TASK DIRECTIONS — Exactly the lines below from the line with "Брюки-клеш Женские со" through the line with "Retro boho virág" must make up the answer, both ends included and pictures left out.

SUPPLIED INFORMATION —
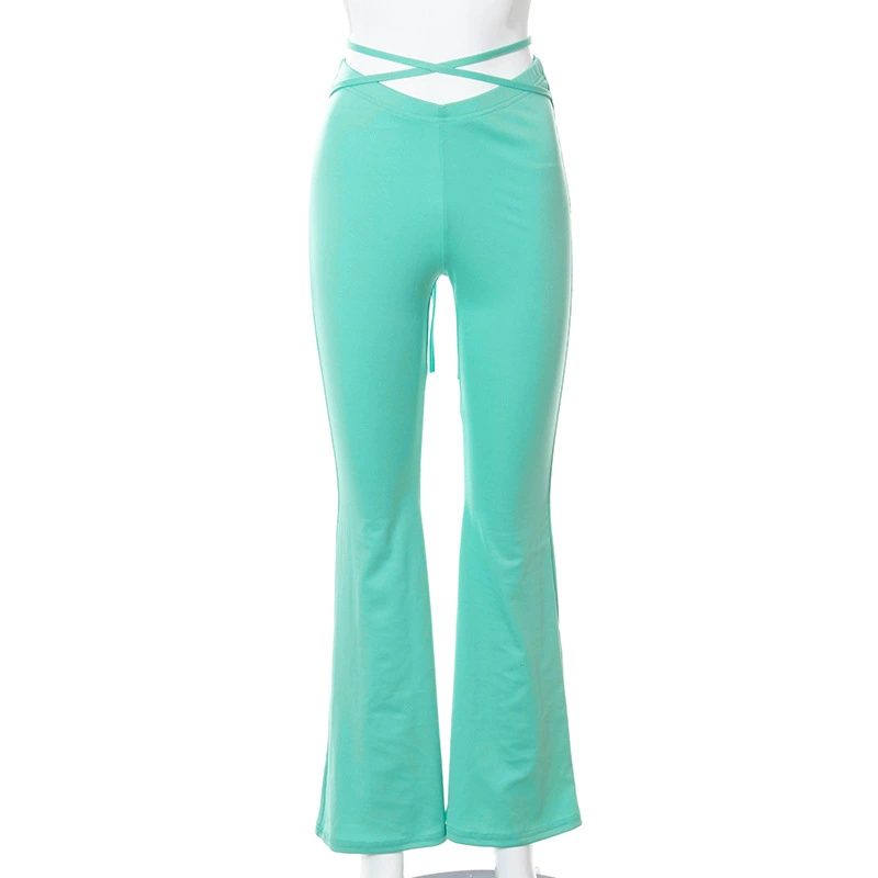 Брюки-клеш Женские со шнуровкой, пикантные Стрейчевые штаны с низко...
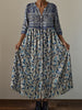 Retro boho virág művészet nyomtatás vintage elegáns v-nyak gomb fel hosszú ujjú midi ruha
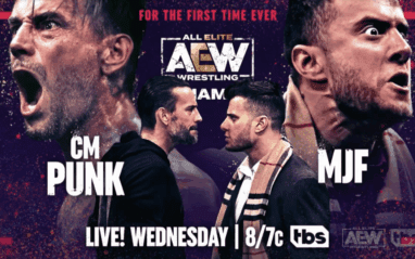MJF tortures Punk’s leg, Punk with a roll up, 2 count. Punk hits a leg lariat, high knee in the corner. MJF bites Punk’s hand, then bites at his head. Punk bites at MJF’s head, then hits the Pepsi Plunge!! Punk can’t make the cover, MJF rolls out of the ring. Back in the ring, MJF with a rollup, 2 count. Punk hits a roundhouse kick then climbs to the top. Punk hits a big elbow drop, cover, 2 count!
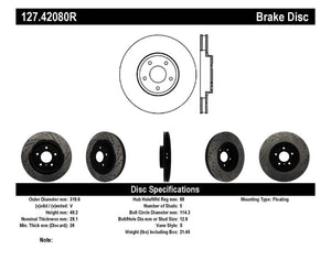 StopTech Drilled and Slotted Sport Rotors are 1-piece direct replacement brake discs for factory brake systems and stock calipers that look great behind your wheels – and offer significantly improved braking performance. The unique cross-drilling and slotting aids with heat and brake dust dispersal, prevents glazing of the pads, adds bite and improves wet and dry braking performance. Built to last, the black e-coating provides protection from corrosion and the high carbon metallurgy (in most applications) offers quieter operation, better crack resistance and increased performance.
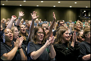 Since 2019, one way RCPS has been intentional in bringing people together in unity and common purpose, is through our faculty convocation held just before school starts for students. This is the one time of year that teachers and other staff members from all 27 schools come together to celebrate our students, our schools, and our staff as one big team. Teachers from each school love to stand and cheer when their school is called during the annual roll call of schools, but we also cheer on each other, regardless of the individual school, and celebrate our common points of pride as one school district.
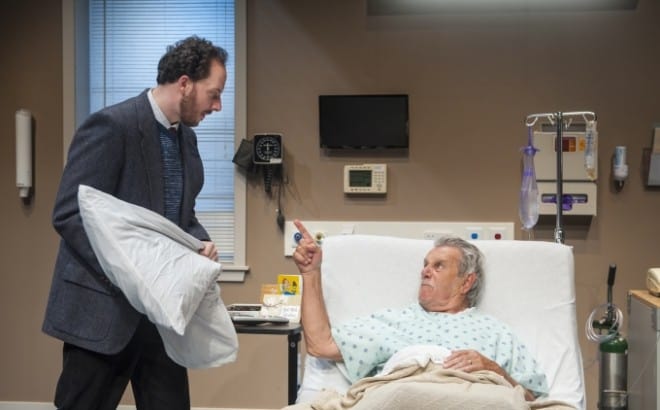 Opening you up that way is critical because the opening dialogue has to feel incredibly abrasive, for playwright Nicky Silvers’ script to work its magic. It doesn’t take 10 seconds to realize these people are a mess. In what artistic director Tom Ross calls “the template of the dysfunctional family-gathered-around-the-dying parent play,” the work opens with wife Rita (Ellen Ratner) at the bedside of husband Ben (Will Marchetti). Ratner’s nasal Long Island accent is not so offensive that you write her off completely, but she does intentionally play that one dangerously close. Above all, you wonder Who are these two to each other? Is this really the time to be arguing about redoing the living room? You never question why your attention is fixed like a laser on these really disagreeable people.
==
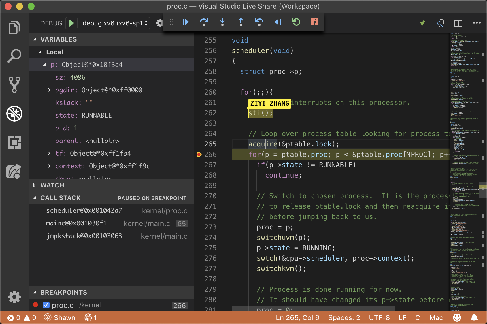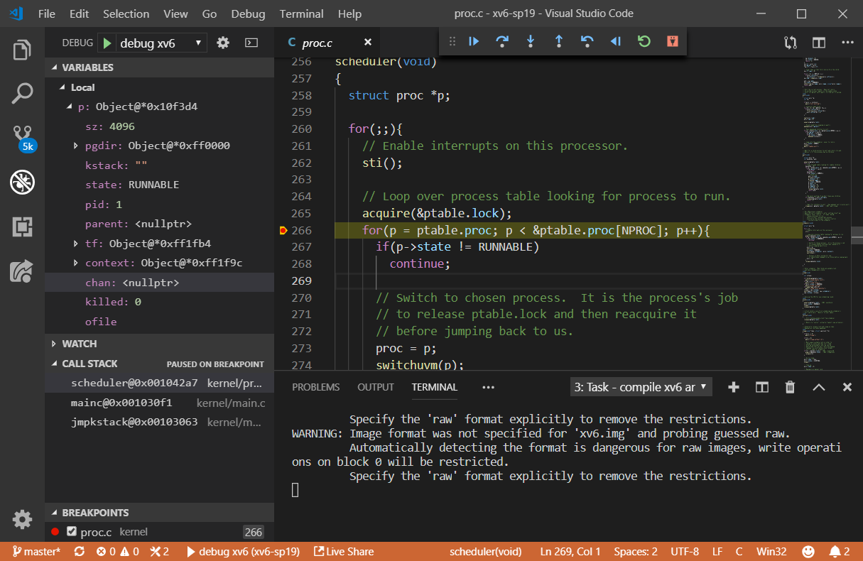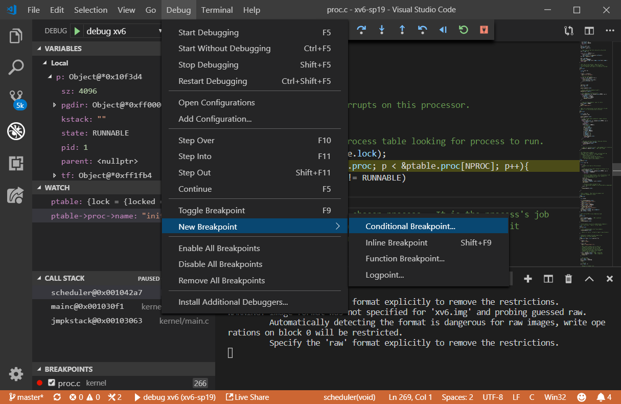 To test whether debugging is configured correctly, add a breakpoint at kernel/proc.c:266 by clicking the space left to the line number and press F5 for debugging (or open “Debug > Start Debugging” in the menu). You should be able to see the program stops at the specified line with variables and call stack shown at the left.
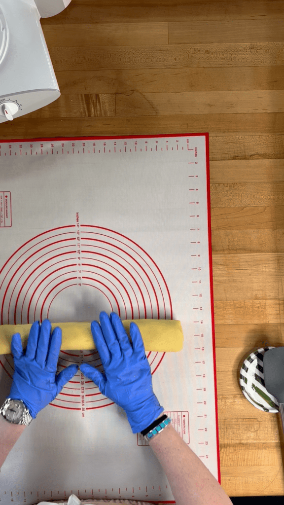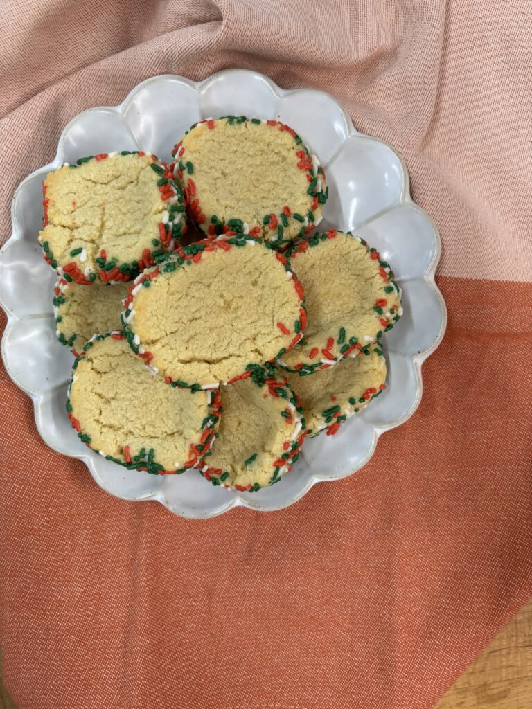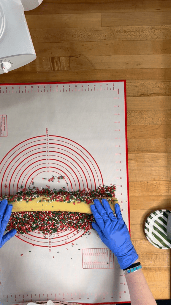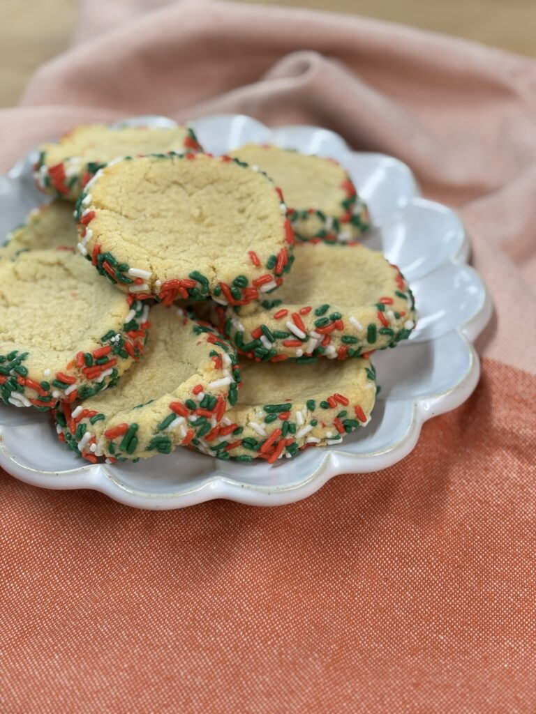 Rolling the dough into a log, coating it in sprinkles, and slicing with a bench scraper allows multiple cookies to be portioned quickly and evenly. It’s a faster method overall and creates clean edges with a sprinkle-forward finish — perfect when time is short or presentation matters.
--
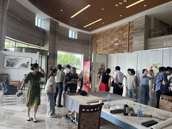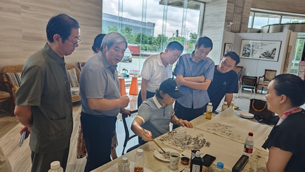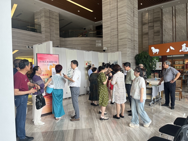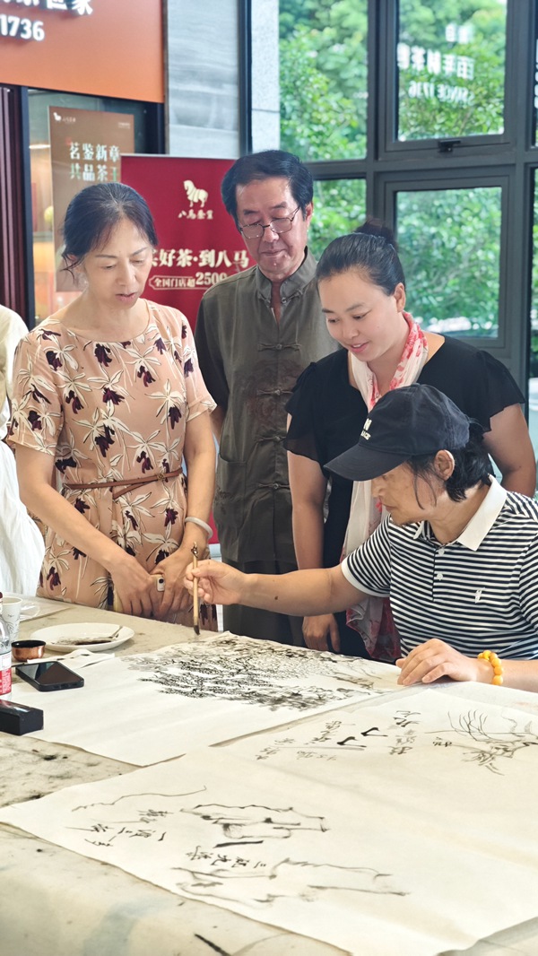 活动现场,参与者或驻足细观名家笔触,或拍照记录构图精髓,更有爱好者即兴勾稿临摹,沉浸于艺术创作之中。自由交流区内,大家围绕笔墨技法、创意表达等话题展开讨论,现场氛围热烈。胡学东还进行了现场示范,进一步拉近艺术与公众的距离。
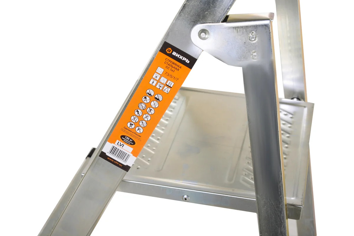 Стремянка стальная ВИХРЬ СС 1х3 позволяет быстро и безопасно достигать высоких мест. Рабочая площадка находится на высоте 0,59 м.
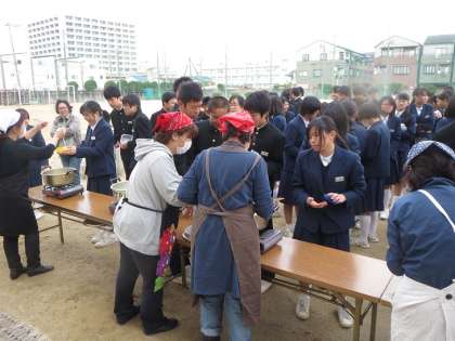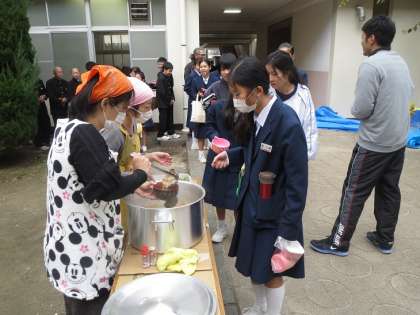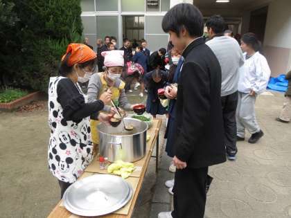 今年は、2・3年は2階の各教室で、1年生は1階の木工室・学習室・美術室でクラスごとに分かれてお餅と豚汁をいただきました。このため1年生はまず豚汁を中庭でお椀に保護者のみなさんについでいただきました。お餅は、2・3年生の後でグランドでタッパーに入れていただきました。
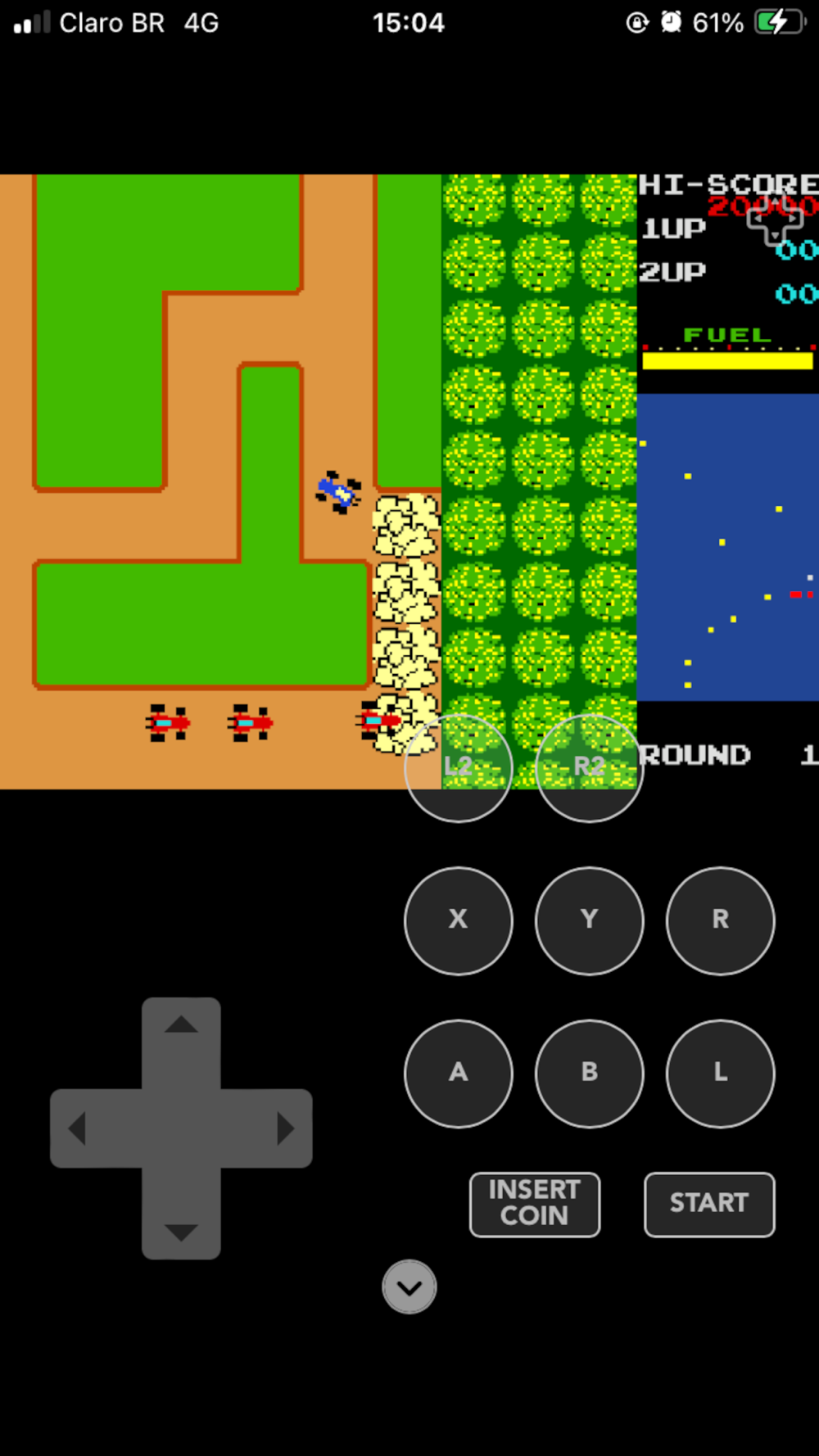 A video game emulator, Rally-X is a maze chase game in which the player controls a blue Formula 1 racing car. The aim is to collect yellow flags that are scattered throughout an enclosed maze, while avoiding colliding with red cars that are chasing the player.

ANSWER TO THE EXERCISE —
 Брюки-клеш Женские со шнуровкой, пикантные Стрейчевые штаны с низко...
 Retro boho virág művészet nyomtatás vintage elegáns v-nyak gomb fel hosszú ujjú midi ruha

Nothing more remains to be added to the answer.